Se instaló en la sala de espera y simuló leer un periódico. El lugar estaba a rebosar y el ruido era ensordecedor, un típico día de semana en un aeropuerto muy activo. De vez en cuando, Luther espiaba por encima del periódico para ver si alguien se interesaba por él un poco más de la cuenta, pero no vio nada extraño. Llevaba haciendo esto tanto tiempo que si hubiese habido algo anormal se hubiera dado cuenta. Anunciaron su vuelo, le entregaron la tarjeta de embarque y recorrió la rampa hasta el grácil proyectil que al cabo de tres horas le depositaría en el corazón de Texas.
El vuelo Dallas/Fort Worth era uno de los que siempre iban llenos, pero por una de esas casualidades el asiento contiguo al de Luther estaba vacío. Se quitó el abrigo y lo colocó sobre el asiento como desafiando a cualquiera que intentase ocuparlo. Se acomodó en la butaca y miró por la ventanilla.

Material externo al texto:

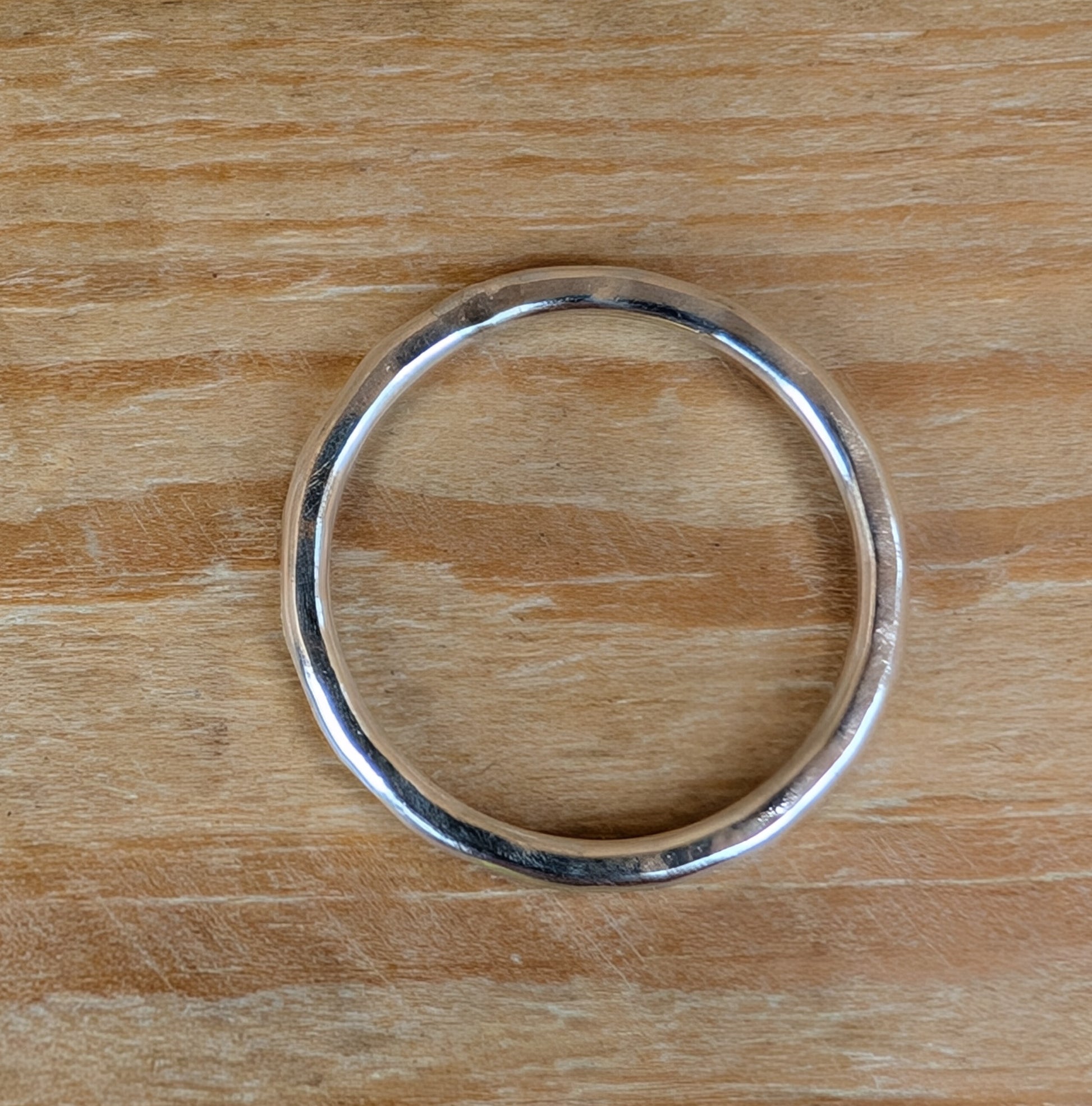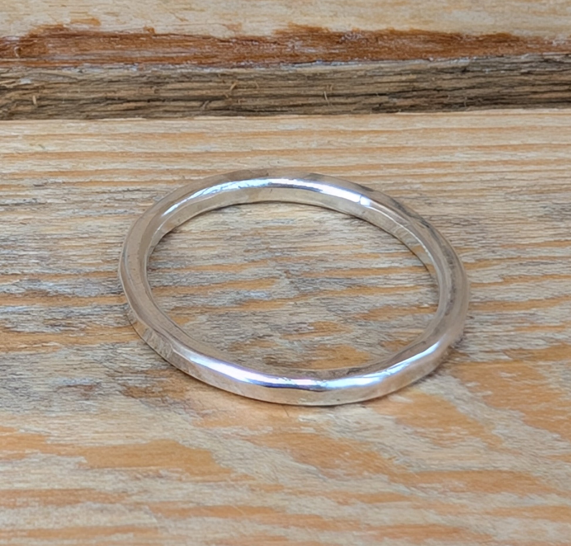 elevate any look with our stunning sterling silver flat hammered stacking ring! featuring a sleek and versatile design, this ring can be worn alone or stacked with others for a unique and stylish touch. crafted from 2mm round high-quality sterling silver wire, it is sure to add a touch of elegance to any outfit.
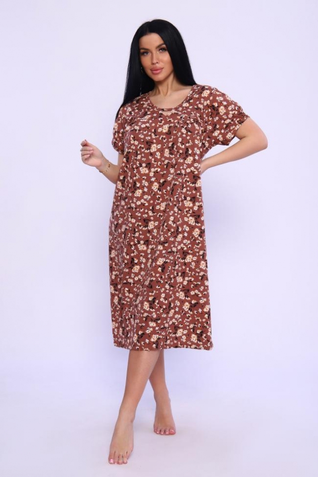 Сорочка свободного кроя с короткими рукавами внахлест. Полочка с кокеткой и складками над грудью. Комфортна для повседневной носки и сна.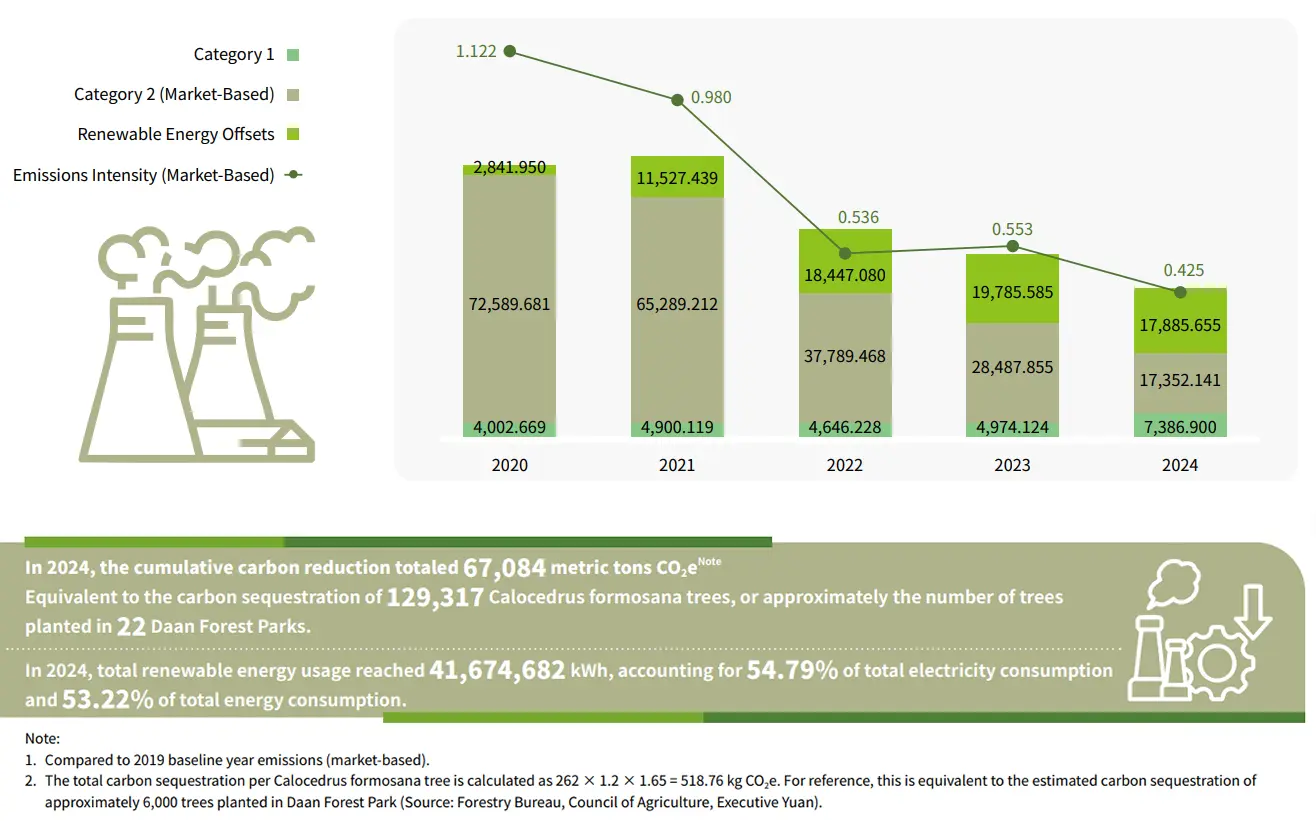 In 2023, the renewable energy certificate offset against 36,310,000 kWh and 19,785.585 tonne CO2e, accounting for 40.30% of the electricity consumption. From 2019 to the end of 2023, the cumulative purchase of Renewable Energy Certificates offset against a total of 57,192.133 tonne CO2e.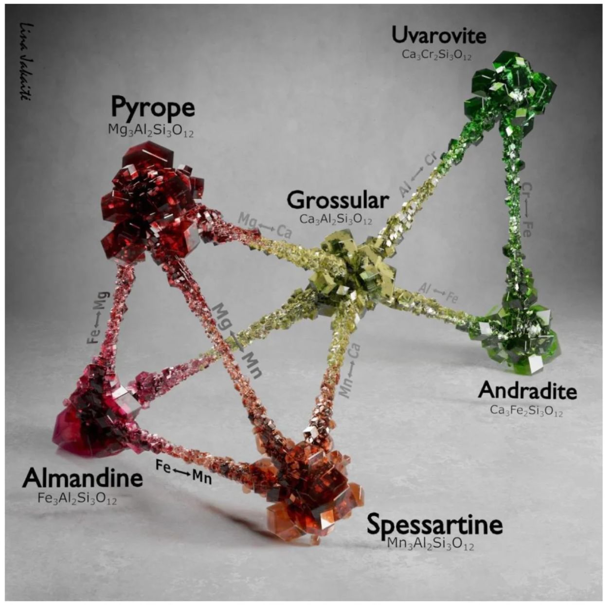 錳鋁榴石、鎂鋁榴石(Pyrope)、鐵鋁榴石(Almandine)。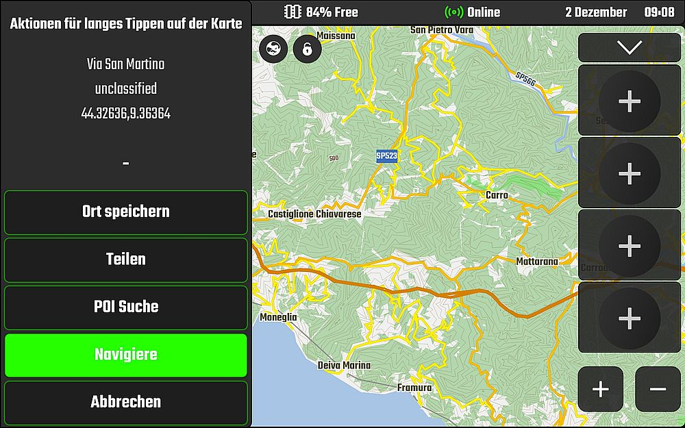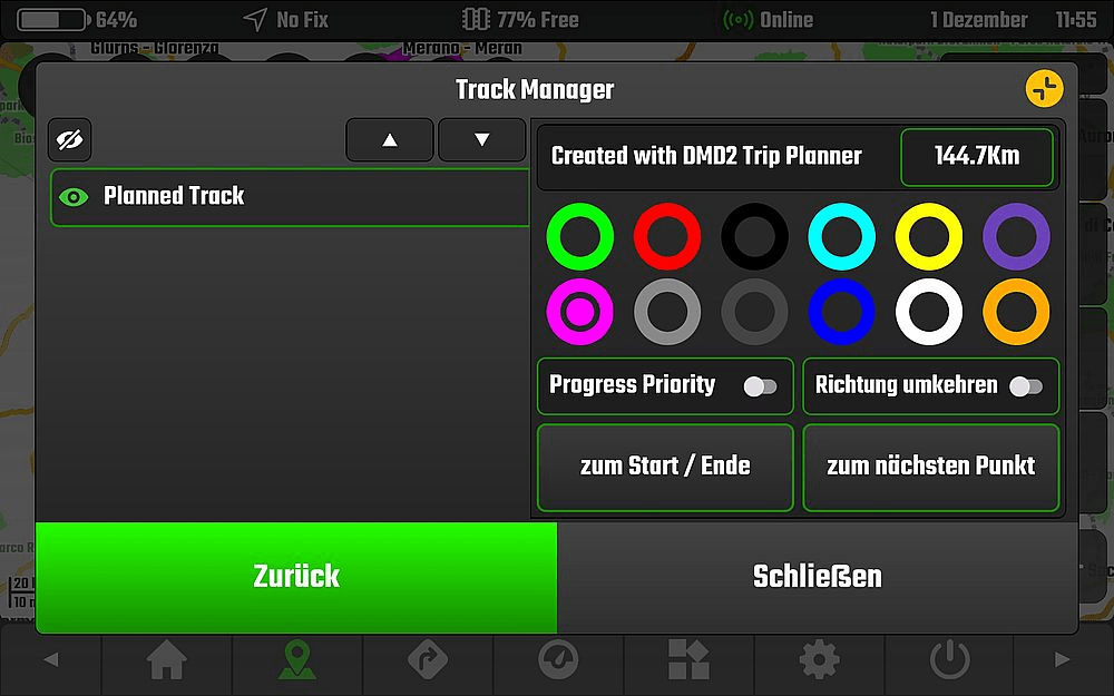 Kommen wir wegen einer Umleitung, Baustelle oder was auch immer von unserem geplanten Track ab, so ist dieser weiterhin sichtbar und unsere Abweichung wird mittels einer, ich sage mal „Linie“ die Verbindung zum Track hält, dargestellt. Ich sehe also wie ich nun in der Folge fahren muss, um wieder auf meinen geplanten Track zu gelangen.

Durante el carreteo hacia la pista, vio asomar la punta del monumento a Washington sobre el manto de niebla. A un kilómetro y medio de aquel punto su hija se levantaría dentro de un rato para ir a trabajar mientras su padre ascendía entre las nubes para comenzar una nueva vida, un poco antes de hora y con remordimientos de conciencia.
El avión continuó el ascenso en busca de la altitud asignada y Luther contempló el suelo allá abajo; siguió con la mirada los meandros del Potomac hasta que los dejaron atrás. Por un momento pensó en la esposa muerta y después una vez más en la hija. Miró el rostro sonriente y eficaz de la azafata y pidió café. Un minuto más tarde aceptó el sencillo desayuno. Bebió el líquido caliente y después extendió la mano y tocó el cristal de la ventanilla con las extrañas estrías y surcos. Al quitarse las gafas para limpiarlas se dio cuenta de que lloraba. Echó una ojeada rápida a los demás; la mayoría de los pasajeros estaban acabando de desayunar o se disponían a echar una cabezada antes de aterrizar.